There is nothing that does not remind me of her and the things she gave me. The things I never knew were important until she no longer had them to give.
There was always jazz playing on the stereo: we had stereos back then, fancier versions of the record player I got for my bedroom when I was 15 and on which I played Jethro Tull while I rolled around on the floor with boys with improbable names like Mack, Doug, and Tony, names you don’t hear much anymore. Stereos were for the good music, the real music, the serious music, and my mother was nothing if not serious. I listened to the Modern Jazz Quartet, Dave Brubeck, Bill Evans, Stan Getz, Miles Davis, Erroll Garner. A dozen others. Many of whom I would actually eventually see in concert.

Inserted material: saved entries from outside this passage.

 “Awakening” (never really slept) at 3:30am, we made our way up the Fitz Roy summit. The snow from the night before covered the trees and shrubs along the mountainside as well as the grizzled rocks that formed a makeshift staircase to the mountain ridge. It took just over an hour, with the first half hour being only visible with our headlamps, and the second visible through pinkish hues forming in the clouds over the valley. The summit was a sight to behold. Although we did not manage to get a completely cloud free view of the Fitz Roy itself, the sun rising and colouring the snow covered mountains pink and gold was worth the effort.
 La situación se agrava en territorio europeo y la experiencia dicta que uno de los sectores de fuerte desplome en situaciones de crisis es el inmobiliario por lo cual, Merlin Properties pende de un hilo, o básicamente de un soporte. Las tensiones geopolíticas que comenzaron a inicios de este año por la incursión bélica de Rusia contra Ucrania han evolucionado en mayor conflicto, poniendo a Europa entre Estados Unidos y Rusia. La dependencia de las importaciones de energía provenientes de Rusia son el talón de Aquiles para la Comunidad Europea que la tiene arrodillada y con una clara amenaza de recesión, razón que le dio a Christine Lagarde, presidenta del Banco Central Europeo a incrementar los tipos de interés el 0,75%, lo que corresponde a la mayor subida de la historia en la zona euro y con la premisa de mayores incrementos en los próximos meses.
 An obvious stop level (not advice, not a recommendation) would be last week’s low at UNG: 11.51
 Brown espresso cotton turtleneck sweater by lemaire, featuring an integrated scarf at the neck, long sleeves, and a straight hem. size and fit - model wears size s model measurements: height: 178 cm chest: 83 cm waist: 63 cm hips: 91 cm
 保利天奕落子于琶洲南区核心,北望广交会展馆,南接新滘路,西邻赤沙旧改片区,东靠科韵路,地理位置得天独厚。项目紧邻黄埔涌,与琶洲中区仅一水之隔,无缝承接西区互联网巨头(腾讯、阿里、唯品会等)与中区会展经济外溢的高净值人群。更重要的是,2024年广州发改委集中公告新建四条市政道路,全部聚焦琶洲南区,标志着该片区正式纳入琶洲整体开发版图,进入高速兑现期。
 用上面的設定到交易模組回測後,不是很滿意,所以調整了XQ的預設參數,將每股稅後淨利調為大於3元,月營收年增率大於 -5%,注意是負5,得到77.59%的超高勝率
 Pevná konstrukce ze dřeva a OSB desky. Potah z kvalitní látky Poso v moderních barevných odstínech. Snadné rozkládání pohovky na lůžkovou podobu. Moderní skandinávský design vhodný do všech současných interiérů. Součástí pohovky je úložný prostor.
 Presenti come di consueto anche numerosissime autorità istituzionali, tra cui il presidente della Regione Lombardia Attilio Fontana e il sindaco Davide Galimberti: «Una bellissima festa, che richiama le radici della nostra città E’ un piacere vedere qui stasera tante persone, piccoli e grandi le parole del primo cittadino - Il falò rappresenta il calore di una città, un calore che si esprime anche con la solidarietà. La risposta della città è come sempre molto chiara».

We had built-in bookshelves: wooden masterpieces that reached nearly to the ceiling. They were packed full of those record albums and books and books. My mother’s bookshelf was my first library. There were stacks of magazines, too, which piled up on the coffee table and two daily newspapers; an endless supply of education and information. All mine without censor. We went to the theater, even if it was only a community one in which my parents and their friends (and then my sisters and I) acted. We had real paintings on the wall and years before my mother could afford what she called “good” furniture an ebony baby grand piano sat in the living room.
I learned about beauty from my mother: how to arrange flowers, grow vegetables, appreciate art and music; how to identify the real from the fake, the shabby from the glossy, the modern from the cheap. Every time I look around my house I see what she gave me. The concrete in the things I have arranged around the rooms, things taken from her home when she got sick and could no longer keep them; and the more ephemeral, the way those things are displayed, the colors I have chosen, the pristine sleekness of the space I inhabit. Each of the homes I have lived in—from the shoddiest apartment to my condo by the water—has felt her imprint but none more than where I live now, with the collections of my mother’s life now collected in mine. She has never seen this home. She never will. But she is here in it, all around me. There is nothing that does not remind me of her and the things she gave me. The things I never knew were important until she no longer had them to give.
For the first and only time in my memory I ache to talk to her. The need to speak to her is sometimes enough to wake me up out of sleep and more than enough to bring me to tears at the most banal moments. The years she could talk to me, listen to me, visit me, are gone and with them the brutality, the pain, the loneliness, the misunderstandings that permeated each and every syllable. But suddenly in the first real throes of my own mortality I long to sit with her on the couch, show her around my rooms, take her for a walk on the beach. I want her to see the evidence of the things she gave me in the way I live my life, in the things that are important to me, in the daughter, who, like the mother, gathers beauty around her as a cloak. I want to just talk to her.
My mother has said very little in the past half dozen years; she can barely react, can no longer process what I say, isn’t sure sometimes even which daughter I am. She is a hologram of her former self. For a long time I was all right with that, I even felt a sort of relief. Gone was the woman, who angry and drunk, pulled me down next to her on the couch and said: Listen to this, as the music surrounded us. Gone is the woman who pushed me into ballet lessons, piano lessons, art lessons, who tried to mold me into the kind of girl she wished she had been. Gone is the woman who refashioned her own self by sheer will, who tried to push back against her own demons but so often lost. Gone is the woman who lived for love and sand and water and flowers and music and books and paintings and beauty. Gone is the woman who never listened and was so very, very furious at things I could not then understand. Gone, gone, gone is the mother I had, the mother I got, the mother who tried and failed, the mother who I hated for too long and never really forgave.
But if even before her illness I had given up all hope of a rapprochement, of truth-telling, of protestations of love, of apologies for past misdeeds, now I wish I had gotten to this place I am now but with my mother still intact and not gone. Then we could settle into this last old age of hers, these last years as mother and daughter, with a fragile peace we could never ever find for more than a few moments. Her mind is lost and I miss it in all its complexity.
And all I have left is what she gave me.